The Whiteaker neighborhood is known for a large concentration of young, politically radical residents. In the late 1990s, local activists gained notoriety after organizing successful tree sitting demonstrations. In 1997, a tree-sitting demonstration in Eugene was responded to by local police with what was seen as overwhelming force, an event which further radicalized local activists but also helped shift public opinion in their favor. Local income inequality and lack of affordable housing have also been credited with the radicalization of activists.

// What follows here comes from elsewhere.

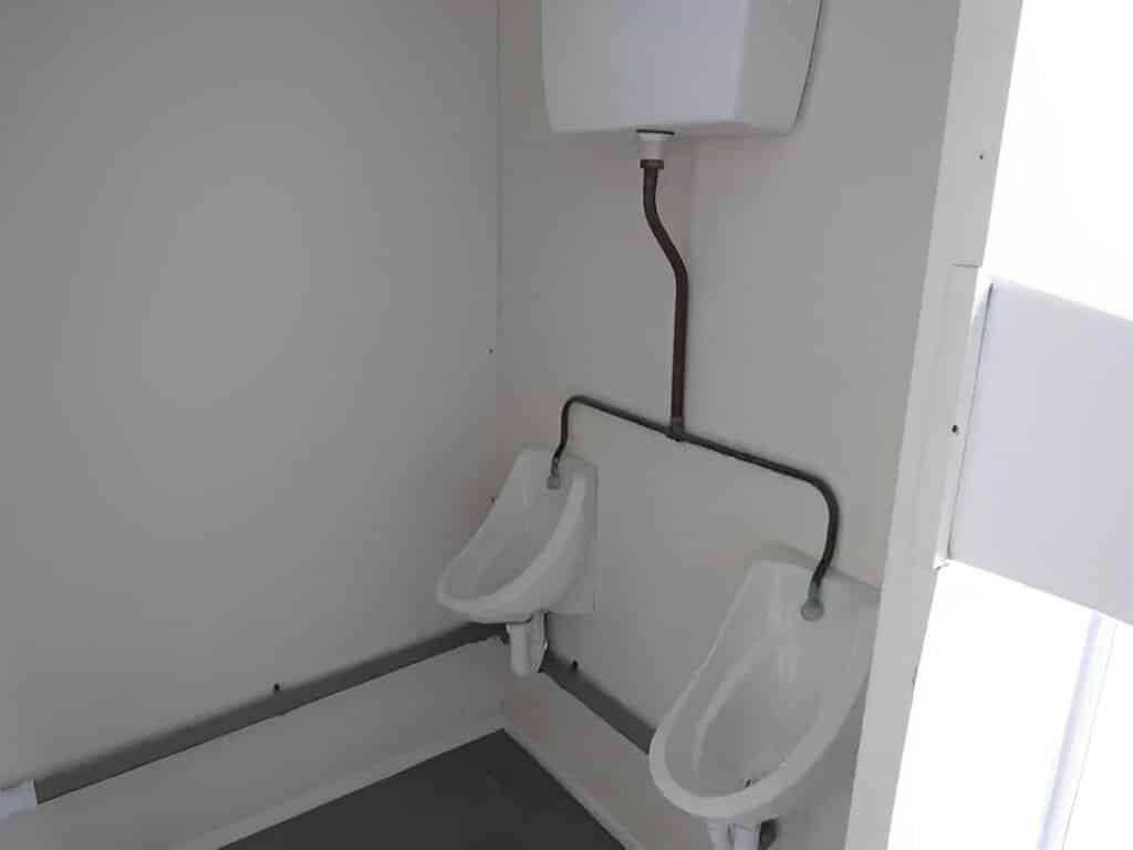 The 2+1 configuration offers two male toilets, two urinals, two sinks with water heater on the male side, and a separate female toilet with its own sink and water heater all equipped with electric lighting, heating, and extractor fans for comfort and ventilation. The unit stands securely on corner posts with no jacklegs required and features robust steel construction to deter vandalism and theft.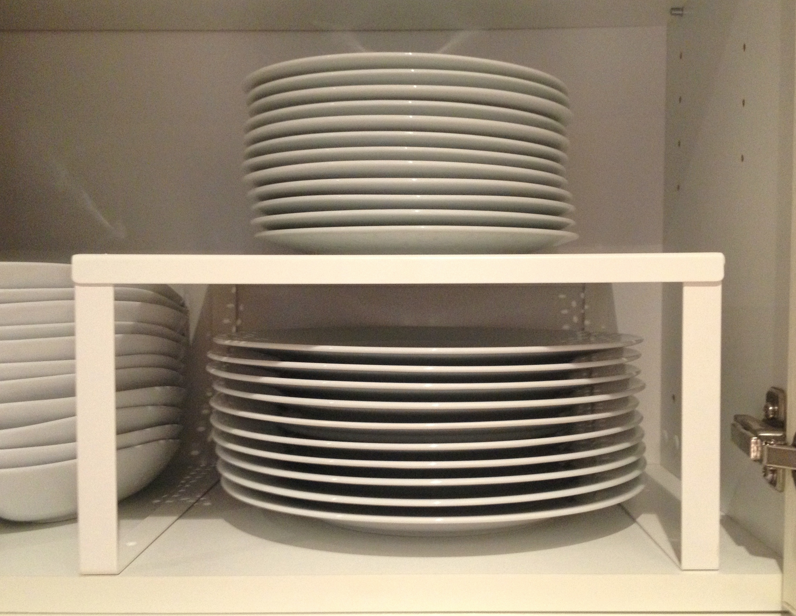 Stacking items like bowls and plates can save you a lot of space in the cupboards. I use IKEA Variera Shelf inserts. They are available in two sizes.

In June 1999, a riot broke out in Whiteaker during an anti-globalization protest during which protesters vandalized and looted a Taco Bell and a 7-Eleven. After police responded with tear gas and pepper spray, protesters battled with police for several hours. Later that year, Whiteaker activists also played a key role in conjunction with other anarchists in organizing black bloc tactics during the World Trade Organization Ministerial Conference of 1999 protest activity. Eugene police subsequently claimed that local anarchists were responsible for other attacks on local police officers. Local activists in turn argued that in response, police needlessly harassed individuals wearing black clothing.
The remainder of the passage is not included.